Logan waited patiently for her to process the situation, finding his own seat on the opposite side of the room- a chair at a small desk shoved up into the corner. He turned the writing lamp on to give them some light. He hoped it made him look less like a wild animal that had barged into her home to piss in her closet and tear up her curtains.

"Considering you saved my life earlier I'm guessing you're not here to kill me." She finally said, looking him directly in the eyes. There was a steely determination there Logan hadn't expected. "And you came through the window instead of the front door because you're avoiding the authorities, right? Those federal agents that questioned me seemed a hell of a lot more interested in you than the gunman."

"SHIELD's been on my ass for a long time. Don't think they like me much." Logan half snarled, half laughed. "You got any idea who's gunning for you? Have many enemies?"

It was Cooper's turn to laugh. "Try the president, the majority party in Congress and half the country." She shook her head, running a hand through her mess of hair. "I knew taking such a strong stance against the MCA would paint a target on my back. You have no idea how many death threats I get. Every time I leave my house or the office I need private security with me so some asshole doesn't get into my face."

"Sounds tough." Logan murmured, scratching his knuckles. "I know what its like 'ta always be lookin' over your shoulder. 'S not an easy way to live."

"Probably wouldn't be so scary if I was immortal." She smirked, glancing down at Logan's hand.

"Yeah." He coughed, looking away. "So let's narrow down our suspects. The guy who shot at ya had kit like I've never seen before. Real tough of the line shit. Ain't the kind of thing a lone radical could put together unless he was a millionaire, n' this guy was a nobody s'far as I can tell."

"Anti-mutant extremism is on the rise again. Hasn't been this bad since the 80s." Cooper leaned forward, elbows resting on her knees. "I had my comms director trace a few of the more credible threats I've received. At least a dozen of them track back to a Neo-Nazi biker gang based in Harlem, the Seven Kings. I put in a report to the NYPD but nothing came of it as far as I know."

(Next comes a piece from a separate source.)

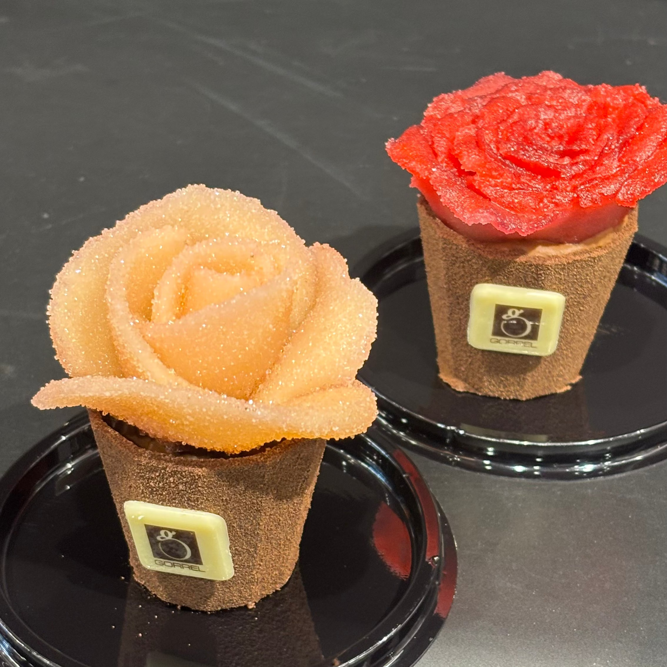 Rose en pâte d’amande délicatement façonnée, posée sur un pot en chocolat renfermant un cœur fondant au praliné.

"Nazi bikers?" Logan raised an eyebrow.

"Yeah, well, the Venn diagram between white supremacists and anti-mutant radicals is essentially a circle. They might not be responsible for this attack in particular but extremists tend to network. Could be they know something." Cooper shrugged. "Best lead I have for you."

Logan stood up and started for the window. "Guess I'm havin' a word with some bikers."